Source data:
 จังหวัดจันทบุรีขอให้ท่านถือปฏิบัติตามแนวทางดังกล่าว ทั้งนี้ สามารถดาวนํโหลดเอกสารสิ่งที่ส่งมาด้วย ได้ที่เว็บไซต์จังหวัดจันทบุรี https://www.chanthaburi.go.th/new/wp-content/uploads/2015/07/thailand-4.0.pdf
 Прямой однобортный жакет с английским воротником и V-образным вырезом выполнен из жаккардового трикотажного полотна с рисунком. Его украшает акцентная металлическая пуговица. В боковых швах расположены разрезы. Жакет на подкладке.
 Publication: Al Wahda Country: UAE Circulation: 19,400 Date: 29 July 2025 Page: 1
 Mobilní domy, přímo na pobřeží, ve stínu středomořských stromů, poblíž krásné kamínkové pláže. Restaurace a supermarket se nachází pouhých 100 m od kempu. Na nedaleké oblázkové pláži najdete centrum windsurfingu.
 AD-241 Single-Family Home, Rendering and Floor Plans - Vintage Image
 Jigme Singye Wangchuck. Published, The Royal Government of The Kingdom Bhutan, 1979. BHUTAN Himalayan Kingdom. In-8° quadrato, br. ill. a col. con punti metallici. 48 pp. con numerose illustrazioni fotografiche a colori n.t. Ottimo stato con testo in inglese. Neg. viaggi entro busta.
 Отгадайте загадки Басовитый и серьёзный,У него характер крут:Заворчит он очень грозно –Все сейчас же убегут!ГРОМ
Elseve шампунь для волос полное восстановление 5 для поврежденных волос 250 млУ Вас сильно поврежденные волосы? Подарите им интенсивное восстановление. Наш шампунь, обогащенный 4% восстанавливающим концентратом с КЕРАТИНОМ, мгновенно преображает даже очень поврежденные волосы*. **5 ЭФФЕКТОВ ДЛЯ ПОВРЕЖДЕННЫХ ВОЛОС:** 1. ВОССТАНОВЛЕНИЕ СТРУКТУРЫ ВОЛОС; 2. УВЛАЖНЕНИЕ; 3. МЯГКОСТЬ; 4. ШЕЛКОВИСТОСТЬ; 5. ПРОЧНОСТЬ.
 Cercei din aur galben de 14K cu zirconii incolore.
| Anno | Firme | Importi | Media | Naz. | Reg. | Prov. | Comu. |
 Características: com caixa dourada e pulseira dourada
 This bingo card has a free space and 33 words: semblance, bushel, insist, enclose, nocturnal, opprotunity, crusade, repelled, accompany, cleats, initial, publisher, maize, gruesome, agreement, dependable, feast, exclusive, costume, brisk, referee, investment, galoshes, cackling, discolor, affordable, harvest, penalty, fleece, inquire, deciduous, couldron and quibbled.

▶ **WORK TO BE COMPLETED**
Go line by line through the records above and copy each one containing "очень".

▶ **PROBLEM SOLUTION**
 Отгадайте загадки Басовитый и серьёзный,У него характер крут:Заворчит он очень грозно –Все сейчас же убегут!ГРОМ
Elseve шампунь для волос полное восстановление 5 для поврежденных волос 250 млУ Вас сильно поврежденные волосы? Подарите им интенсивное восстановление. Наш шампунь, обогащенный 4% восстанавливающим концентратом с КЕРАТИНОМ, мгновенно преображает даже очень поврежденные волосы*. **5 ЭФФЕКТОВ ДЛЯ ПОВРЕЖДЕННЫХ ВОЛОС:** 1. ВОССТАНОВЛЕНИЕ СТРУКТУРЫ ВОЛОС; 2. УВЛАЖНЕНИЕ; 3. МЯГКОСТЬ; 4. ШЕЛКОВИСТОСТЬ; 5. ПРОЧНОСТЬ.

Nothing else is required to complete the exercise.